Charles B. Strozier, professor of history at the City University of New York, received his B.A. from Harvard University and his Ph.D. from the University of Chicago. He was also a research candidate at the Chicago Institute for Psychoanalysis and is currently co-director of the Center on Violence and Human Survival at the John Jay College of Criminal Justice, City University of New York. The skillful blending of psychology and history is found in his book Lincoln's Quest for Union: Public and Private Meanings (1982). His most recent book, coauthored by Robert Jay Lifton and Michael Perlman, is Nuclear Threat and the American Self. He is also working on The Psychology of Fundamentalism. He has been a consultant, producer, and scriptwriter for several Lincoln film documentaries, the most recent being "Abraham Lincoln, A Self Portrait."

Douglas L. Wilson, professor of English at Knox College, received his B.A. at Doane College and Ph.D. at the University of Pennsylvania. He was the director of the Seymour Library at Knox College from 1972 to 1991. Until recently, most of Wilson's historical writings have focused on Thomas Jefferson, especially Jefferson's library. His interest in Lincoln has led to several articles that have appeared in The Atlantic, Indiana Magazine of History, and Civil War History. Wilson's work on transcribing William Henry Herndon's interviews with Lincoln's associates led him to reexamine several controversial events in the Illinois lawyer's early life. With Rodney O. Davis, also of Knox College, Wilson plans to publish the first scholarly edition of the Herndon interviews.
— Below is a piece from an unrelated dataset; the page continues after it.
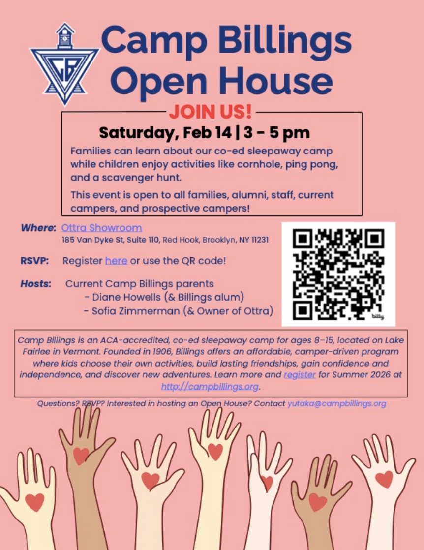 Join us for a family-friendly Camp Billings Open House hosted by Diane Howells, Camp Billings alum and current parent, and learn about our camp! Located at the Ottra Showroom (hosted by current Billings parent!), 185 Van Dyke Street.

Thomas F. Schwartz is curator of the Henry Horner Lincoln Collection at the Illinois State Historical Library and coeditor of the Journal of the Abraham Lincoln Association. His numerous articles and book reviews have appeared in Civil War History, Illinois Historical Journal, the Journal of American History, and Presidential Studies Quarterly. The National Endowment for the Humanities awarded $300,000 toward a joint Lincoln exhibition between the Illinois State Historical Library, the Barry and Louise Taper Lincoln Collection, and the Huntington Library in San Marino, California. It is scheduled to open in October 1993.